*** Block opens ***

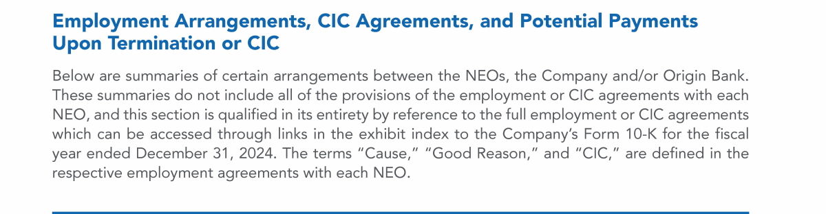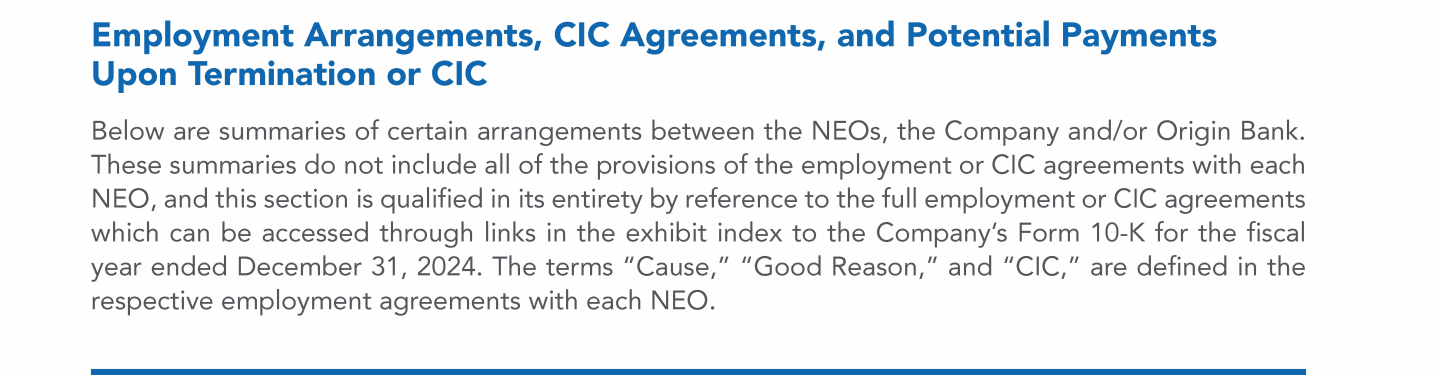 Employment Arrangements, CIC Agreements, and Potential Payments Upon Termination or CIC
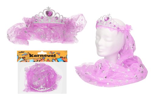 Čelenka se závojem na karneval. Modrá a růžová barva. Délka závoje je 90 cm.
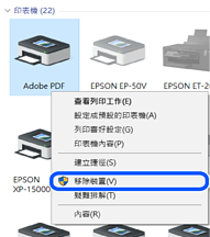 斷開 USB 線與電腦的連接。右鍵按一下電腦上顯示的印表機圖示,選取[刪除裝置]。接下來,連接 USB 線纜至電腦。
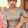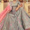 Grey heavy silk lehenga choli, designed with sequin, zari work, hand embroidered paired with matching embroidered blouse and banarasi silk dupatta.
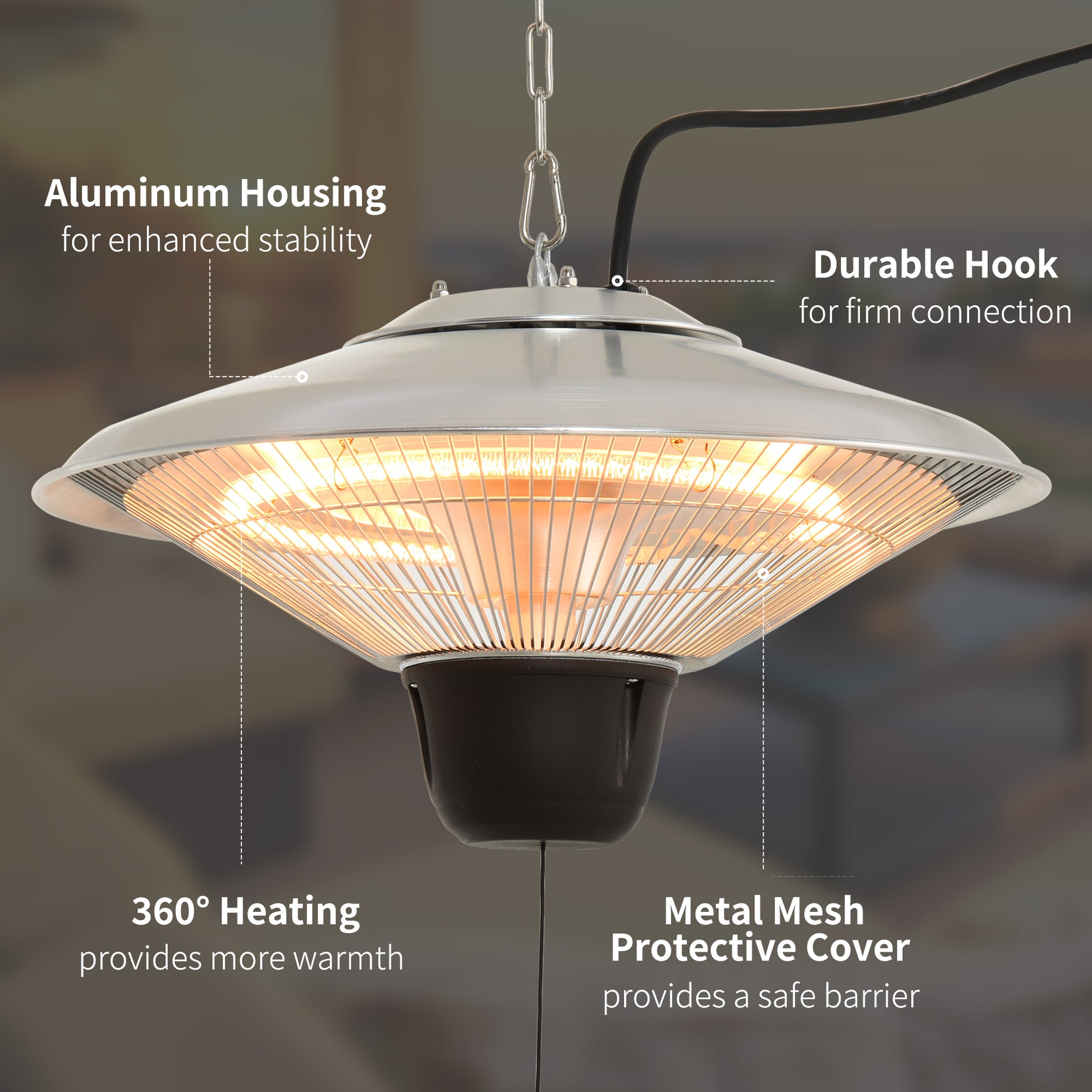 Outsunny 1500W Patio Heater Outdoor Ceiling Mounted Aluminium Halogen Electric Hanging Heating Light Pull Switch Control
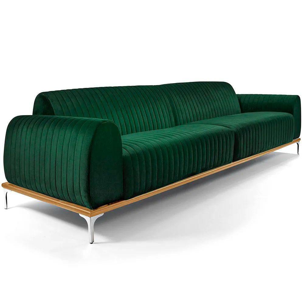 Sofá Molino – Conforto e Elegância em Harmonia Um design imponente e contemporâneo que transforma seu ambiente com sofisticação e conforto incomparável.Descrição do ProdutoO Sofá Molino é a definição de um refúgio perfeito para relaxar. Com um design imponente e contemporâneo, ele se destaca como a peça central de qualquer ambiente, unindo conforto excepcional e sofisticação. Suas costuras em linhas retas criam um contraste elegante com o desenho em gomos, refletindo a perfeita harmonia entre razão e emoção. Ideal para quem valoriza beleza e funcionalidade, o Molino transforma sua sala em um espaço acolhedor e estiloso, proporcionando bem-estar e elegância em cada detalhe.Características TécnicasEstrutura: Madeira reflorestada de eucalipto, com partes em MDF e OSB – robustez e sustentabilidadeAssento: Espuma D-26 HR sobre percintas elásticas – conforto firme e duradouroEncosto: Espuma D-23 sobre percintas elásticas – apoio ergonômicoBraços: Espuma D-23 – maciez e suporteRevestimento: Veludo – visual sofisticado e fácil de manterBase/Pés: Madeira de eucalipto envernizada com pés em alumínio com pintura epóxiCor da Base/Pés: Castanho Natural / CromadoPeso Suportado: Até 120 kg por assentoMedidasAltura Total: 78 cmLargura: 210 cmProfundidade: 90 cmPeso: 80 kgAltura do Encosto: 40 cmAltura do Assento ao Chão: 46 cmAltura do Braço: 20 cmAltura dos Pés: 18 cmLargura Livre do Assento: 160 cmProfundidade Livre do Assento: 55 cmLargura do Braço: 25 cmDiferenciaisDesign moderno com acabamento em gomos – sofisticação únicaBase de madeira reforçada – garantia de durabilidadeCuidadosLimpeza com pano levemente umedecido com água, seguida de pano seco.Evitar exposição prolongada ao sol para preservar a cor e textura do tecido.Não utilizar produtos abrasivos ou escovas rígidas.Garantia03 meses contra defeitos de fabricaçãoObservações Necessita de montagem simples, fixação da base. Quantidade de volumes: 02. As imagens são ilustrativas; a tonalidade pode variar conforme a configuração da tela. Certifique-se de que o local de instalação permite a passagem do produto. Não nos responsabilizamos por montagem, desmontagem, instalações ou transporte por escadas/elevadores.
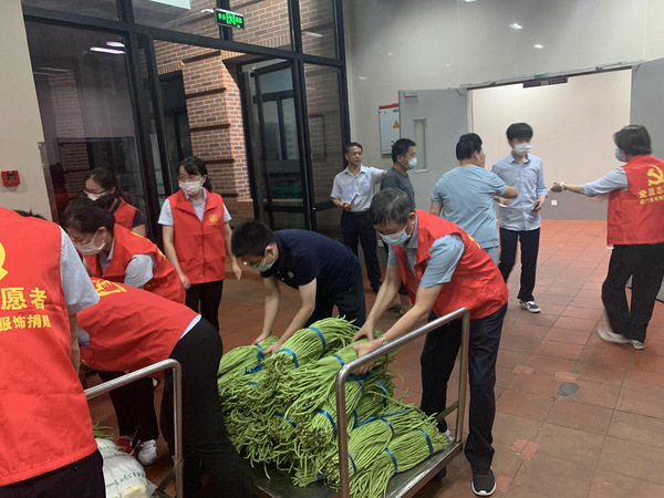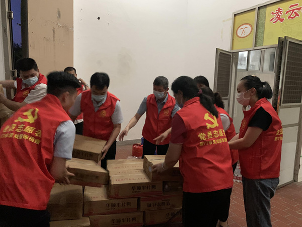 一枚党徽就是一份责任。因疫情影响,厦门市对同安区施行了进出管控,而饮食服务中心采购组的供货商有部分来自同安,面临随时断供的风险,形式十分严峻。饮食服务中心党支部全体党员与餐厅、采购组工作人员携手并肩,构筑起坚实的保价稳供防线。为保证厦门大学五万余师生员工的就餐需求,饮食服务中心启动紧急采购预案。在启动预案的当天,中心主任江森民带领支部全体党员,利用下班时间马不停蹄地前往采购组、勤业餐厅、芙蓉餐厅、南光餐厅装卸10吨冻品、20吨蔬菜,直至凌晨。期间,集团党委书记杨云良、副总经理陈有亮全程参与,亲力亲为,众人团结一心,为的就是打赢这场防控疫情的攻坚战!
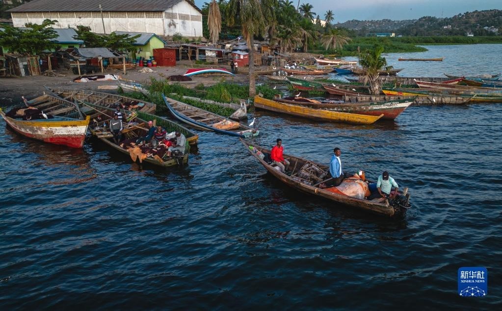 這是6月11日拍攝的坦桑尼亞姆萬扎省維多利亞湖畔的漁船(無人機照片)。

*** Block closes ***
*** Block opens ***

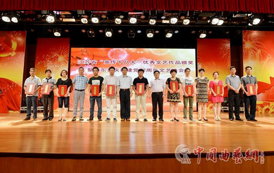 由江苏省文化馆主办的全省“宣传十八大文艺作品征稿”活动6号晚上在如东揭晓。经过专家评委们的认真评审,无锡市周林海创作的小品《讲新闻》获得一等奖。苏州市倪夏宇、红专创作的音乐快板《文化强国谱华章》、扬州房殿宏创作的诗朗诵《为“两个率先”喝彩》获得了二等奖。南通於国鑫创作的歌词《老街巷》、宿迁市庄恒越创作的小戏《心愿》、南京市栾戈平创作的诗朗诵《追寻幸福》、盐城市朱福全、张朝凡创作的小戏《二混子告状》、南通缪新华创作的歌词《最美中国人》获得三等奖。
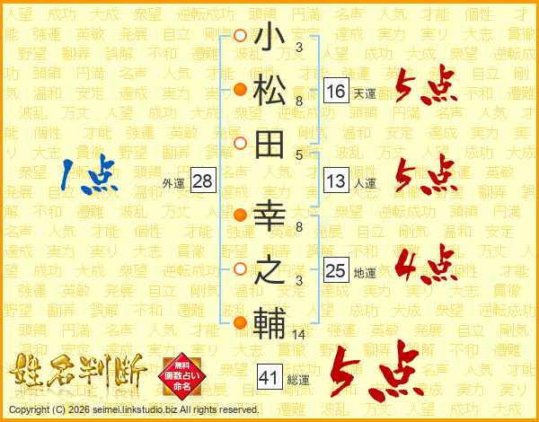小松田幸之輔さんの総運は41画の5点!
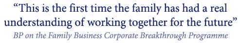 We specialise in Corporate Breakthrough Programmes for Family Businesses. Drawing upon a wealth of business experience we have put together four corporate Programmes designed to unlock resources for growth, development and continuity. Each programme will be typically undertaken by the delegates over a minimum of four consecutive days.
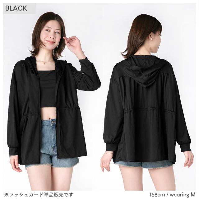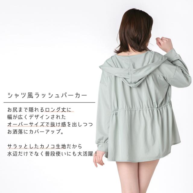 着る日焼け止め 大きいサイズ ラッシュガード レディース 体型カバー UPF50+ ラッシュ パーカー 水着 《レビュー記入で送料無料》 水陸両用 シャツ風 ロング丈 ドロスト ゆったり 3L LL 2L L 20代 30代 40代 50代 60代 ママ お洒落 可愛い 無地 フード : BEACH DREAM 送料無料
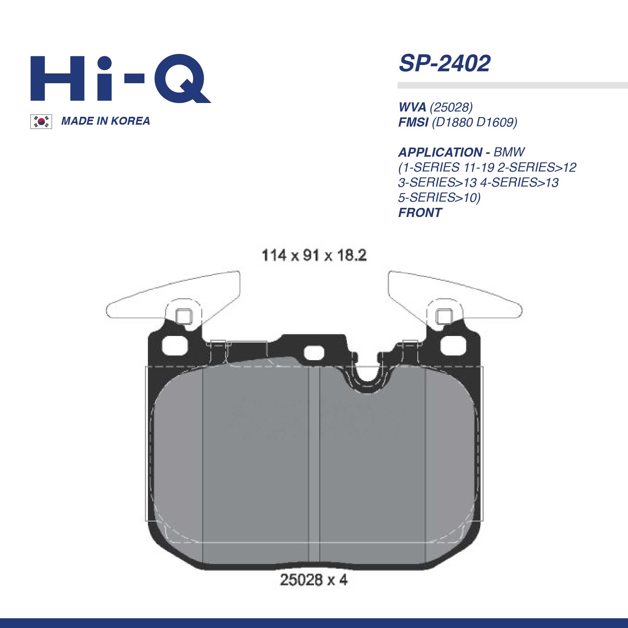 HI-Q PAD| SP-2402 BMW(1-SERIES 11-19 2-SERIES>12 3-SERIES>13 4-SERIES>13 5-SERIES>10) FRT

*** Block closes ***
*** Block opens ***

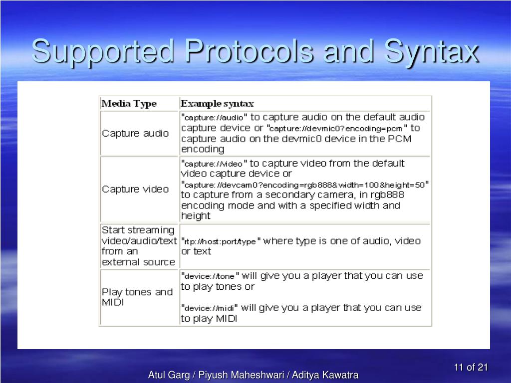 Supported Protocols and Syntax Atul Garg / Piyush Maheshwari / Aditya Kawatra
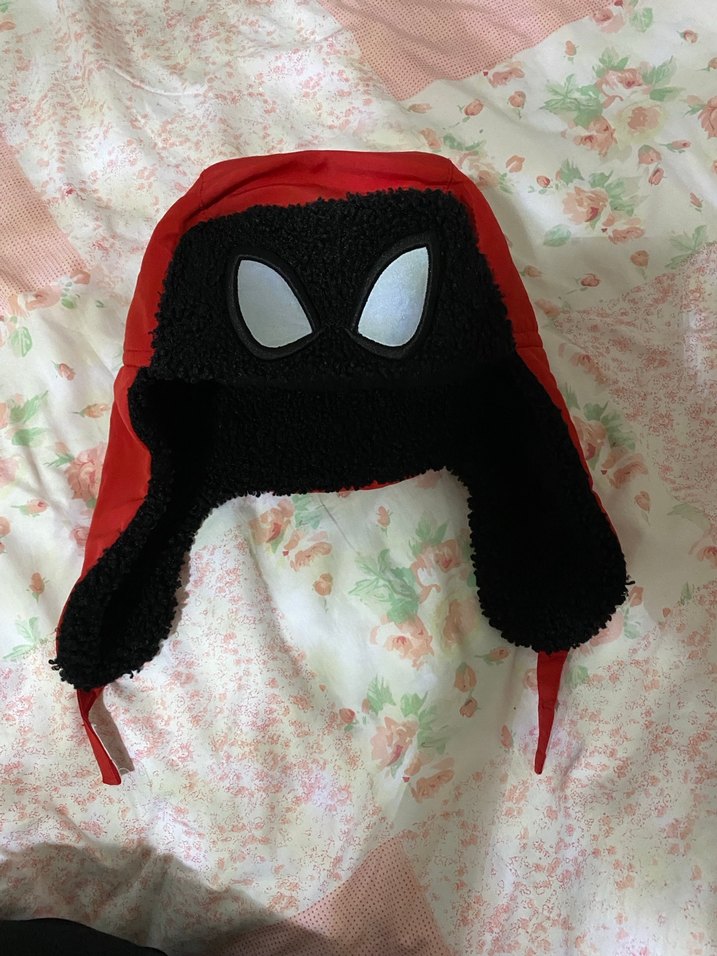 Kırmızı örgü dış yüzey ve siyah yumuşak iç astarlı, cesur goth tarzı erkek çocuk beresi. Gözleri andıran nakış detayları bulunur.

*** Block closes ***

From the records above, return exactly the lines running from the one that contains "Employment Arrangements, CIC" down to the one that contains "Outsunny 1500W Patio", both included, without any pictures.

[Completed exercise]:
 Employment Arrangements, CIC Agreements, and Potential Payments Upon Termination or CIC
 Čelenka se závojem na karneval. Modrá a růžová barva. Délka závoje je 90 cm.
 斷開 USB 線與電腦的連接。右鍵按一下電腦上顯示的印表機圖示,選取[刪除裝置]。接下來,連接 USB 線纜至電腦。
 Grey heavy silk lehenga choli, designed with sequin, zari work, hand embroidered paired with matching embroidered blouse and banarasi silk dupatta.
 Outsunny 1500W Patio Heater Outdoor Ceiling Mounted Aluminium Halogen Electric Hanging Heating Light Pull Switch Control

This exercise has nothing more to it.